We agree with many of the correspondents’ points. First, we concur that antenatal corticosteroid treatment can reduce respiratory distress in infants born at less than 34 weeks’ gestation. Second, we welcome the rapid scale-up of its use in hospitals in Malawi, as described by Stephen Kaliti, and look forward to the published assessment of its effect on mortality in preterm infants. Third, we agree that more research is needed to explore the best methods for scale-up in hospitals and to assess the risks and benefits to patients through community studies in low-income regions. Particularly, we anticipate findings of a trial of antenatal corticosteroid treatment that is underway in several countries and in which 90 000 infants have been enrolled.
Conversely, we are not in agreement with Joy Lawn and colleagues who suggest that it is, “extremely unlikely, statistically, that antenatal corticosteroids would be shown not to work in African or Asian babies”. Our point about the potential risks associated with antenatal corticosteroid scale-up was not a question of efficacy, or ethnicity, but instead the underlying risks and benefits of antenatal corticosteroids to populations in low-income regions and different levels of access to health care. These factors can strikingly change the benefit-to-risk ratio of interventions. For example, in low-income regions in south Asia and Africa, dietary vitamin A supplementation in rural populations and participatory women’s groups had a large effect on child survival, but there is no evidence of a similar effect in populations in high-income regions in the USA or Europe.1, 2
Our concern arose because of reports implying that antenatal corticosteroids could be scaled up as a vertical treatment administered to women with signs of preterm labour by community health-care workers, or at outreach clinics without specialised level-2 health-care facilities. Two potential risks from this setting could outweigh the benefits: the possibility that the number needed to treat, to save the life of a preterm infant, could increase the incidence of serious sepsis in mothers, and second, death or disability might occur later as a result of suboptimal preterm care.
Globally, 40 million women deliver their babies at home every year and many more face formidable economic, cultural, and geographical barriers to accessing good-quality maternity health care. Many of these women live in low-income regions and rural populations in Africa and south Asia and endure high levels of malnutrition, especially a lack of micronutrients and protein, malaria, anaemia, and worm infestations that combined with the immunosuppressive effect of pregnancy or HIV infection might increase their vulnerability to sepsis. In the USA, chorioamnionitis affects 9% of pregnancies, but the burden of placental infection is much higher in Africa and Asia.3, 4 We agree with Caroline Crowther and Julie Brown that a paucity of evidence exists for the effect of dexamethasone on maternal infection, anywhere, and a complete absence of evidence exists in low-income settings. Health-care workers need to be sure, however, that antenatal corticosteroids do not exacerbate the severity, or the dissemination, of maternal infections in these communities.

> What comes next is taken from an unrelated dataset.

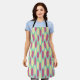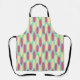 Ce tablier a une conception géométrique de fait d'un arrière - plan de rectangles vert mer et bleu clair avec des ovales jaunes et roses sur le dessus.

Stephen Kaliti suggests that, “antenatal corticosteroids are likely to have a greater effect in the absence of level 2 care, not a lesser effect”, but the evidence to support this statement is weak. Any policy to extend antenatal corticosteroid delivery to mothers through community health-care workers in regions where access to good-quality specialised care is not available (and where the assessment of gestational age and duration of pregnancy is often unreliable) should be on the basis of randomised community effectiveness trials. The risks and benefits can then be measured in the same way that those of dietary vitamin A, chlorhexidine, and zinc supplementation have been assessed in populations in low-income regions.5, 6 We urge funders to support these studies.